In our study, a positive significant correlation was found between serum creatinine and both serum MIF and MIF gene expression, a finding which can be explained by the fact that factors influencing renal function may contribute to serum MIF indicating the overexpression of MIF in active glomerulonephritis. This finding is also supported by Brown et al. [25].

In agreement with our study, Lan et al. [24] found that glomerular and tubular MIF expression gave a highly significant correlation with the loss of renal function and suggested that MIF causes renal injury in human glomerulonephritis by inducing macrophage and T cell accumulation and the subsequent activation of these cells leading to immune cell mediated tissue damage.

In contrary to our results, Foote et al. [6] found an inverse relationship between serum creatinine and MIF and suggested that the kidney may be a significant source of MIF in humans.

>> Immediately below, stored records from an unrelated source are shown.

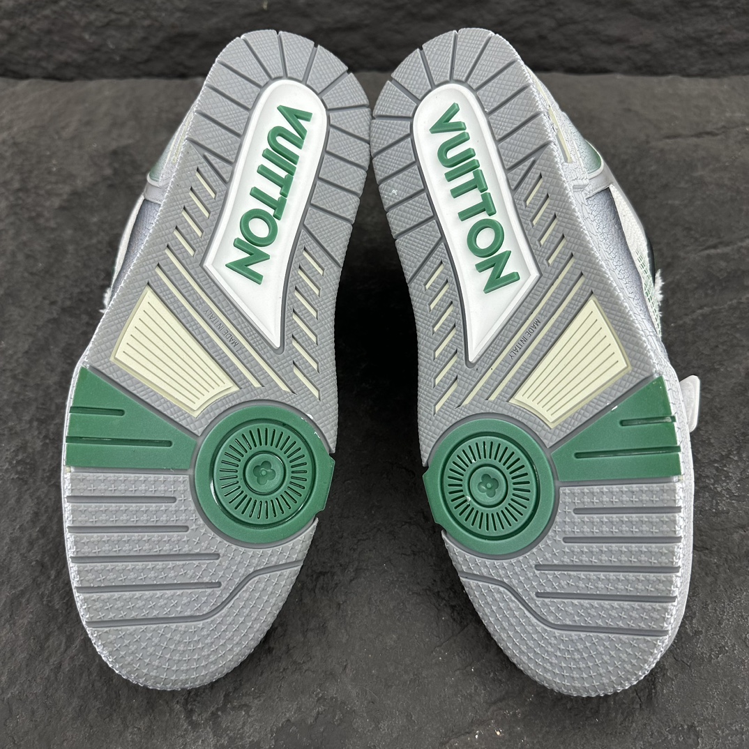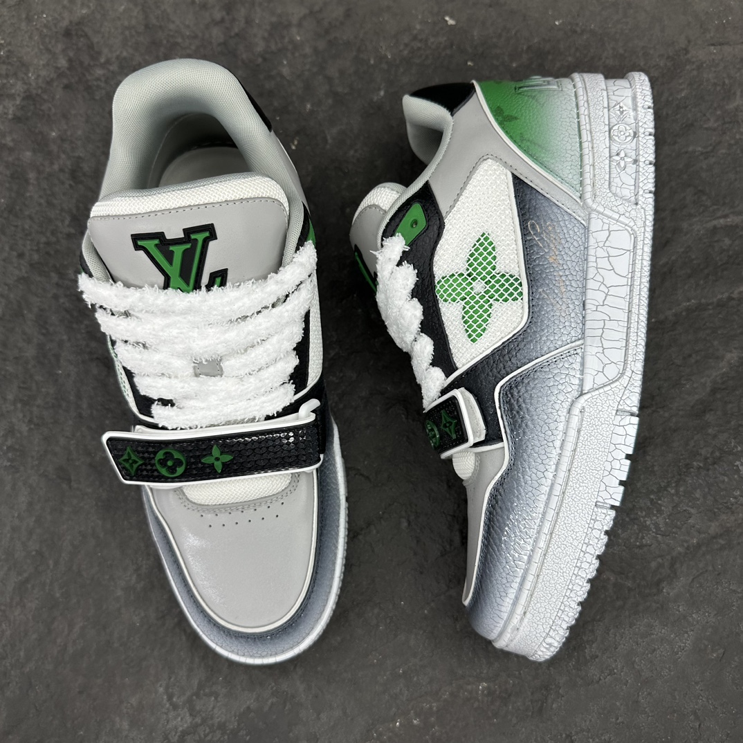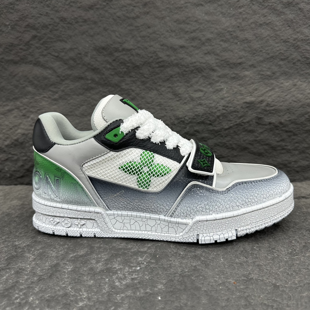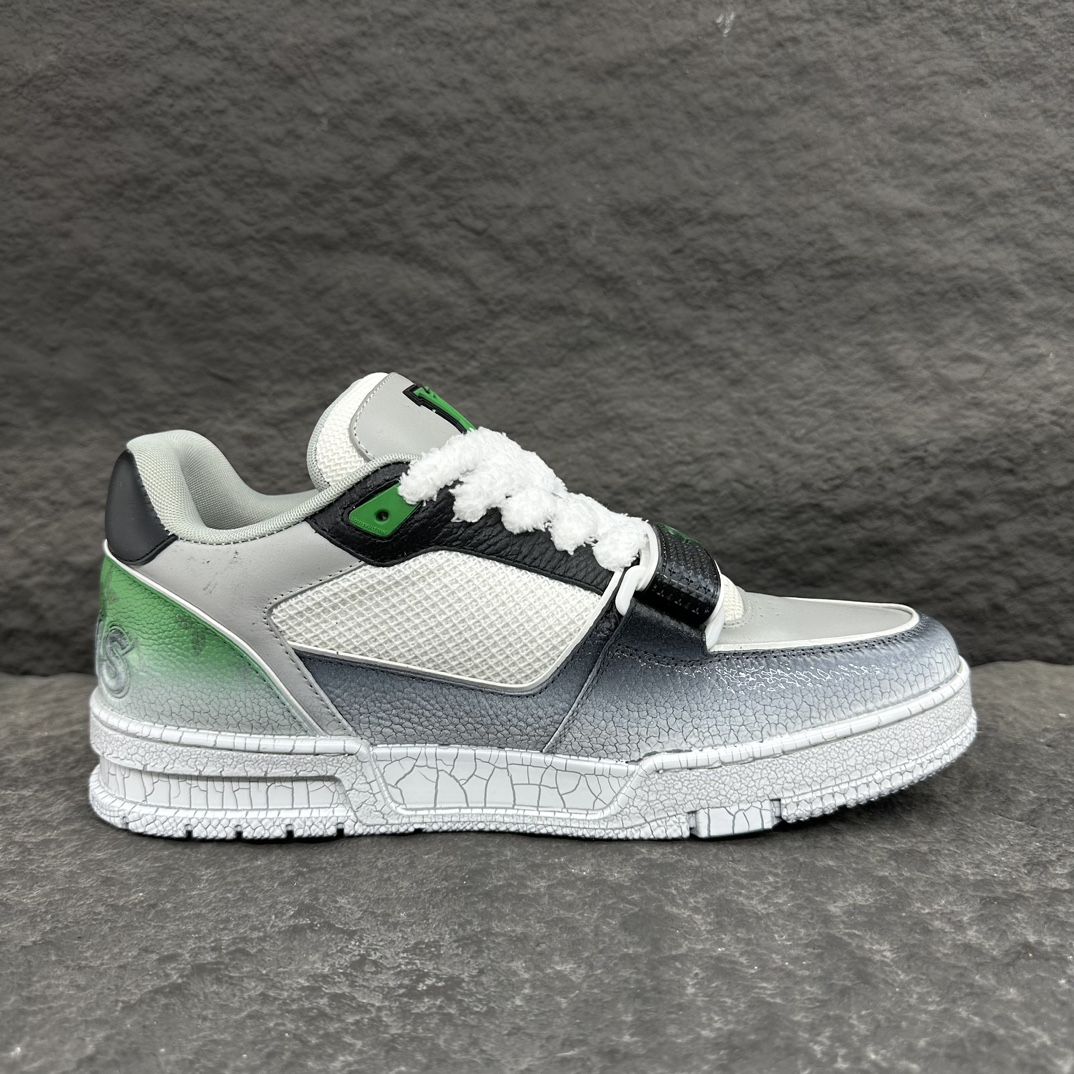 这款鞋子是AAAAA 1:1 质量 (非常棒). 使用了和原版一模一样的材料. 商标部分也保持了和路易威登/Louis Vuitton一样. 图片拍摄是实物鞋子拍摄, 您所收到的实物保证和我们图片一模一样.
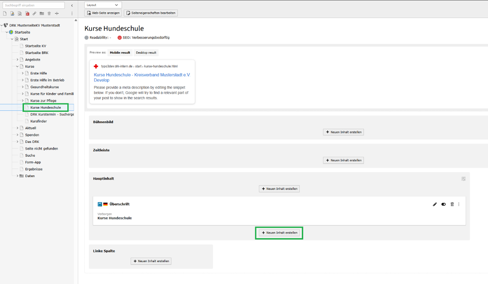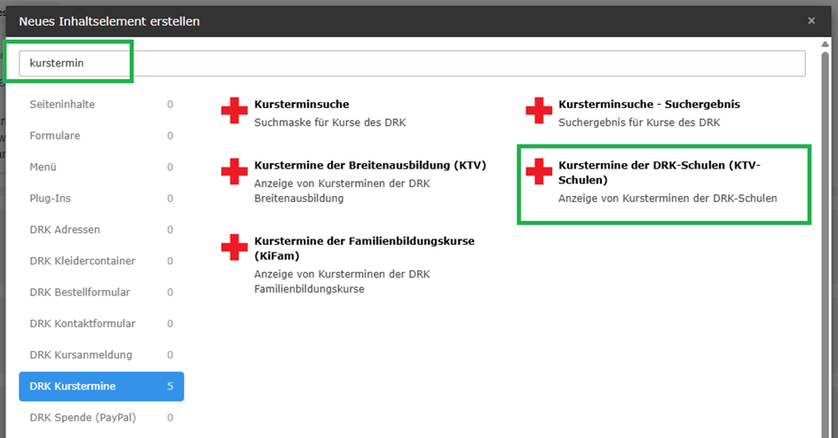 - Fügen Sie ein neues Inhaltselement hinzu und wählen Sie „Kurstermine der DRK-Schulen (KTV-Schulen)“.
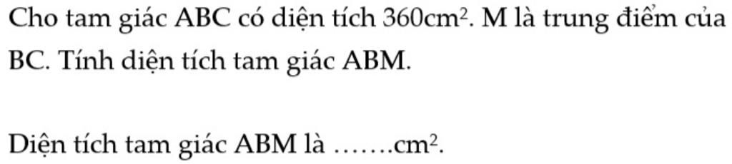 Ta có diện tích tam giác ABC = `1/2` x AH x BC = 360 ( `cm^2`)
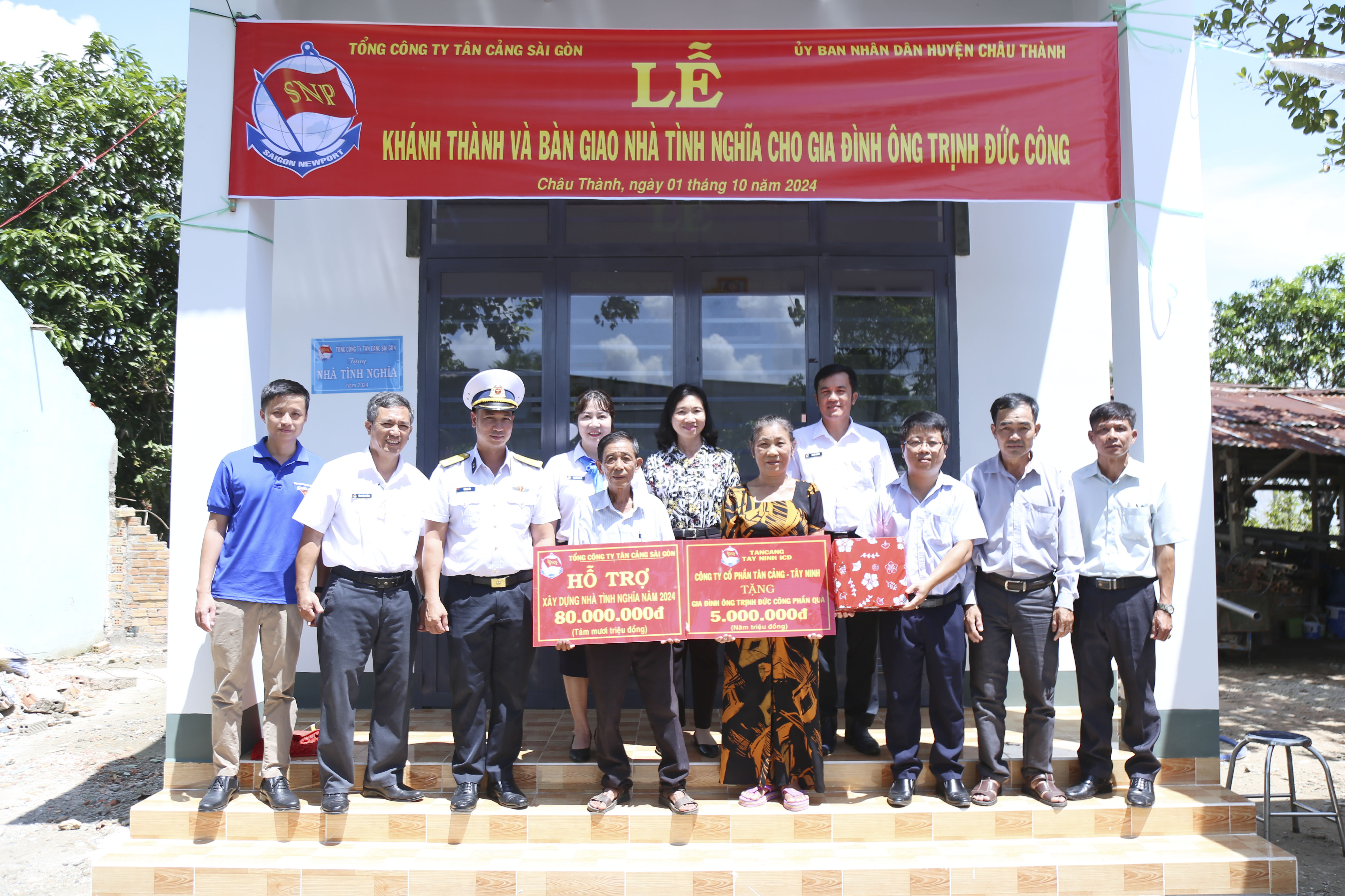 Sáng 1/10, tại xã An Cơ, huyện Châu Thành, tỉnh Tây Ninh, thừa ủy quyền của Tổng công ty Tân cảng Sài Gòn, Công ty cổ phần Tân cảng Tây Ninh phối hợp với Sở Lao động - Thương binh và Xã hội tỉnh Tây Ninh và chính quyền địa phương tổ chức khánh thành, bàn giao nhà tình nghĩa tặng gia đình ông Trịnh Đức Công.
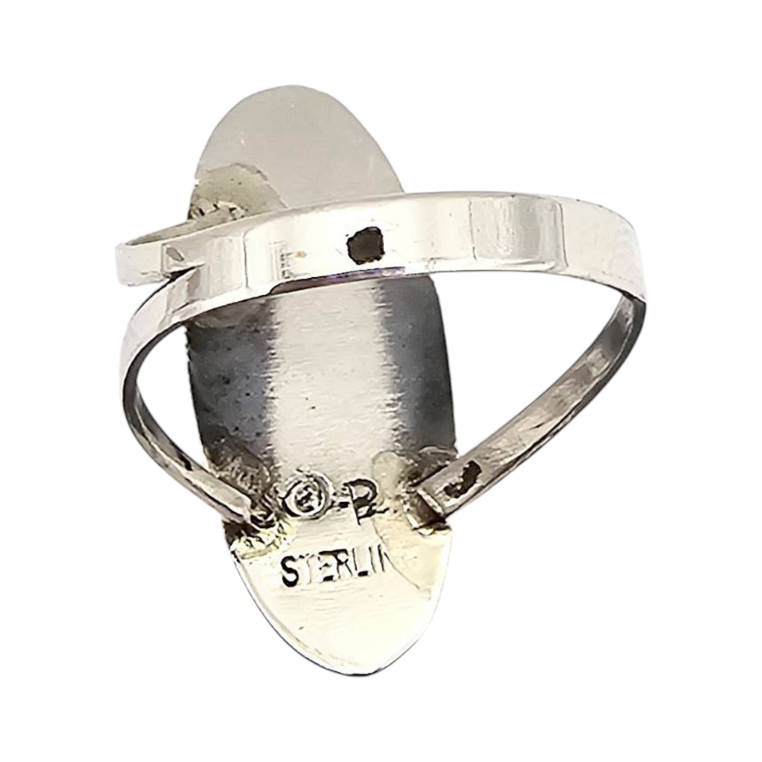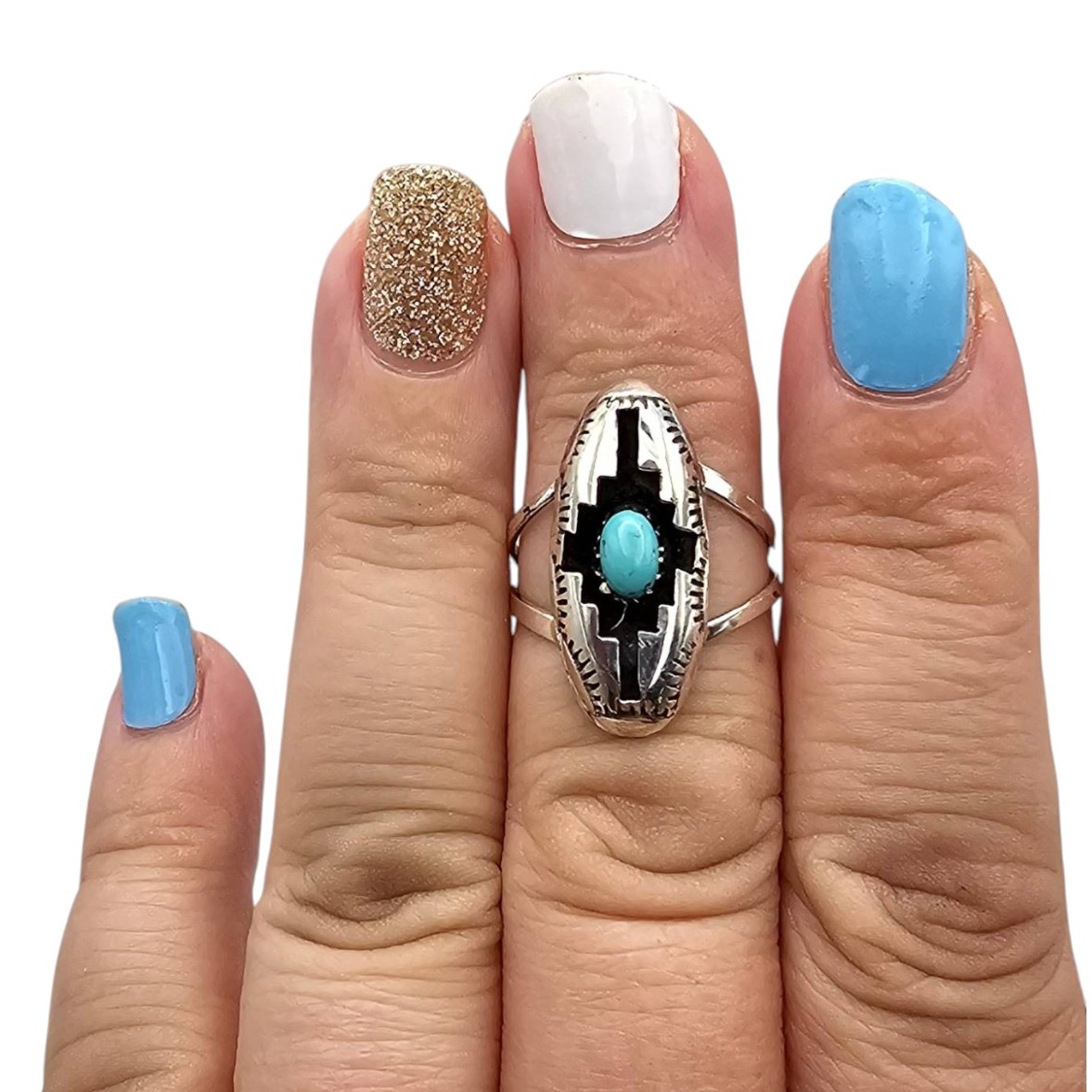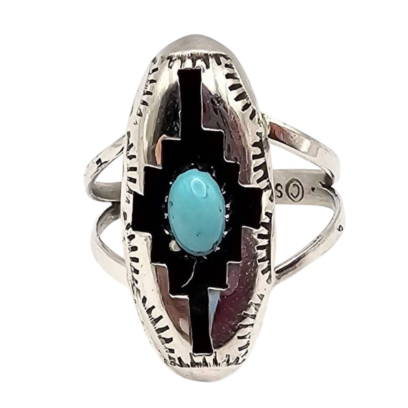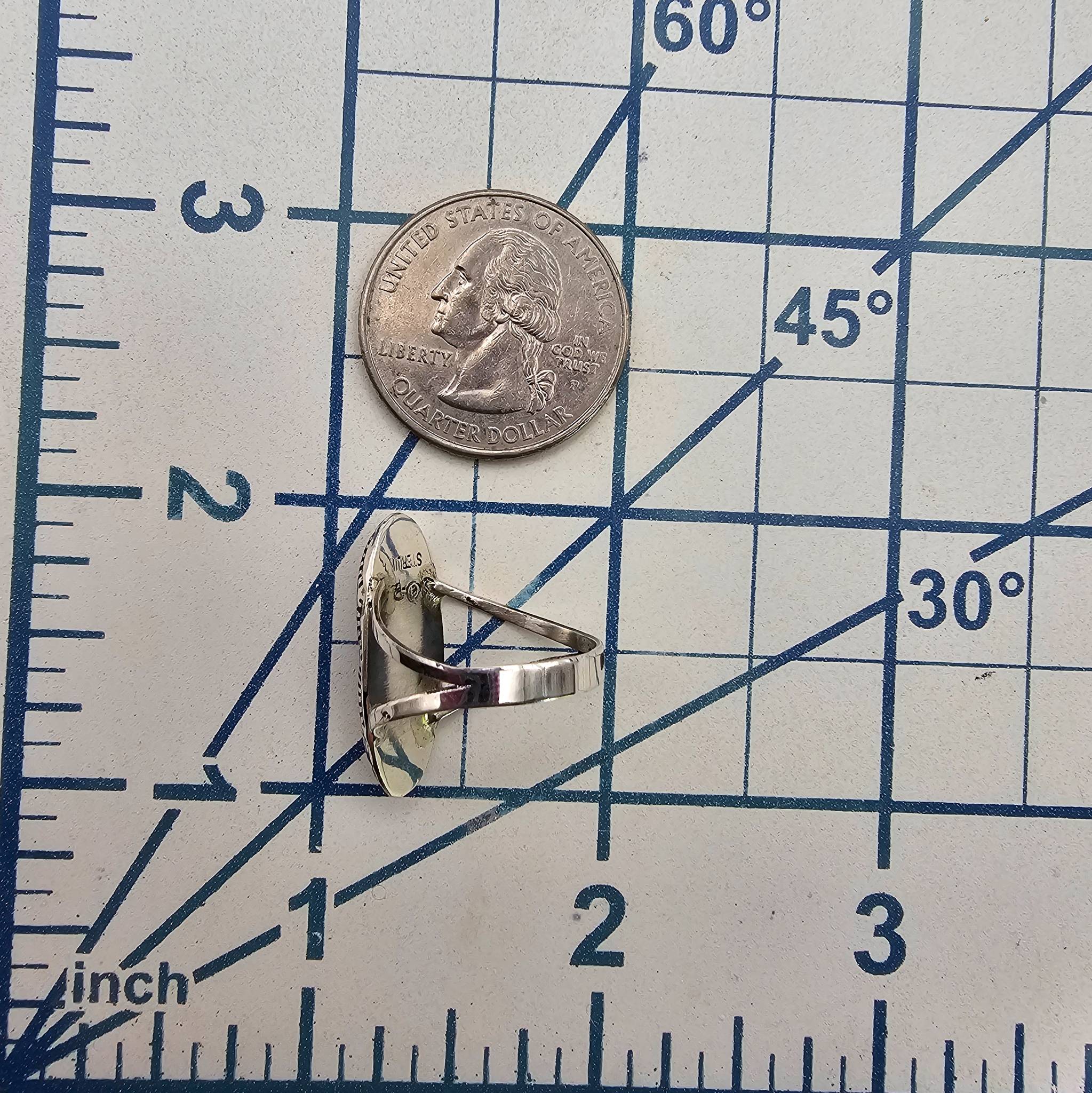 Sterling silver ring handcrafted by Navajo artisan Felix Perry, featuring an oval-shaped face with a turquoise stone inlay. The intricate design includes etched details along the edges for added texture. Stamped ‘F P’ and ‘Sterling’ on the underside. The ring is a size 6.75 and weighs approximately 2.2 grams. Includes a size reference with a US quarter for scale.
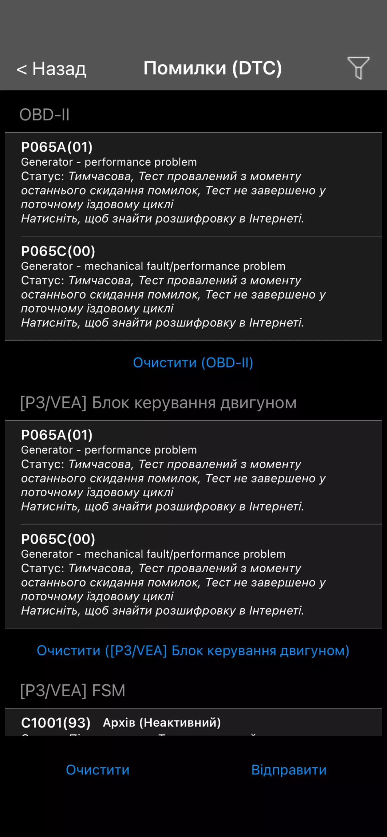 Діагностика на швидку руку видала помилку по «низькій ефективності роботи генератора» ну і напруга борт мережі 10.9В говорила сама за себе - генерації електроенергії немає ) Перевірив на всякий випадок чи часом запобіжники на проводах і силові запобіжники не вигоріли. Там все було добре.
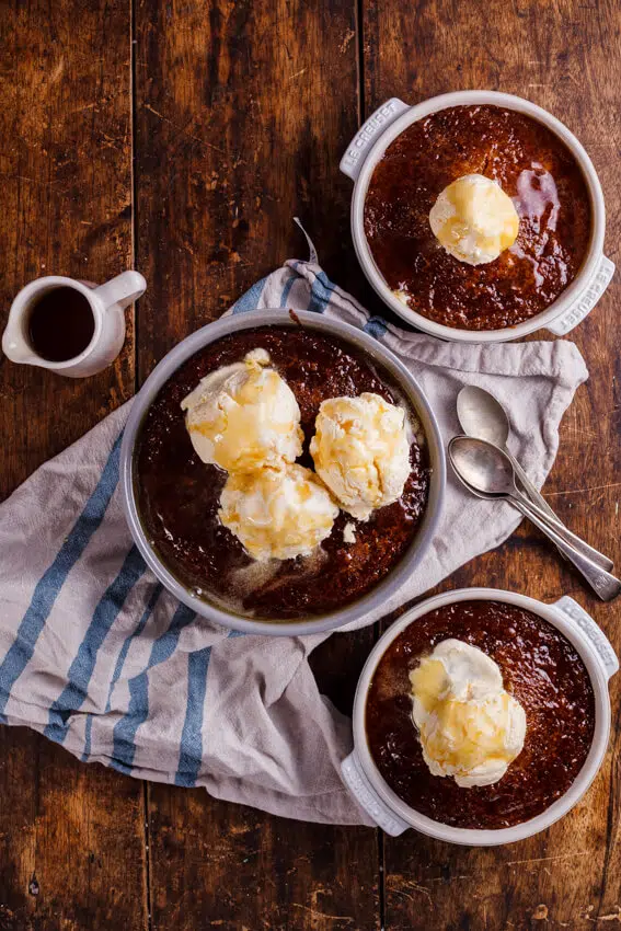 - Bake for 30-45 minutes until the pudding dark brown and baked through (a skewer inserted should come out clean).

Statistical analysis in our results indicated a positive significant correlation between serum MIF and MIF gene expression with both SLEDAI score and ESR in all lupus patients suggesting that MIF is associated with disease severity in SLE.

On the other hand, Foote et al. [6] failed to find a relationship between concurrent serum MIF and disease activity score and explained his finding by the fact that his study group included a mostly abundant community based population with very low disease activity scores which limited the potential of finding this association.

In our study, there was a significant positive correlation between serum MIF and MIF gene expression with 24 hours urinary protein excretion in all lupus patients. This finding can be simply explained by the fact that proteinuria is a picture of lupus nephritis in which MIF expression is expected to increase secondary to organ damage and tissue cellular infiltration.

In agreement with our study, Matsumoto and Kanmatsuse [27] found positive correlation between urinary protein excretion and urinary MIF. They suggested that such correlation could be due to the lower molecular weight of MIF as compared to albumin and hence its ability to pass through pores in glomerular basement membrane.

Finally, our results showed a positive significant correlation between serum MIF and MIF gene expression with the duration of illness in all lupus patients. Such finding could be due to the role of MIF in lupus disease and its correlation to multiple organ damage in lupus which is expected to be aggravated by time and disease duration.

MIF both in the serum and MIF gene expression by reverse PCR in macrophages were significantly higher in all lupus patients in comparison to healthy controls being significantly higher in those lupus patients with clinically evident nephritis than those without. Also MIF had a significant positive correlation to SLEDAI score and ESR indicating its correlation with disease activity.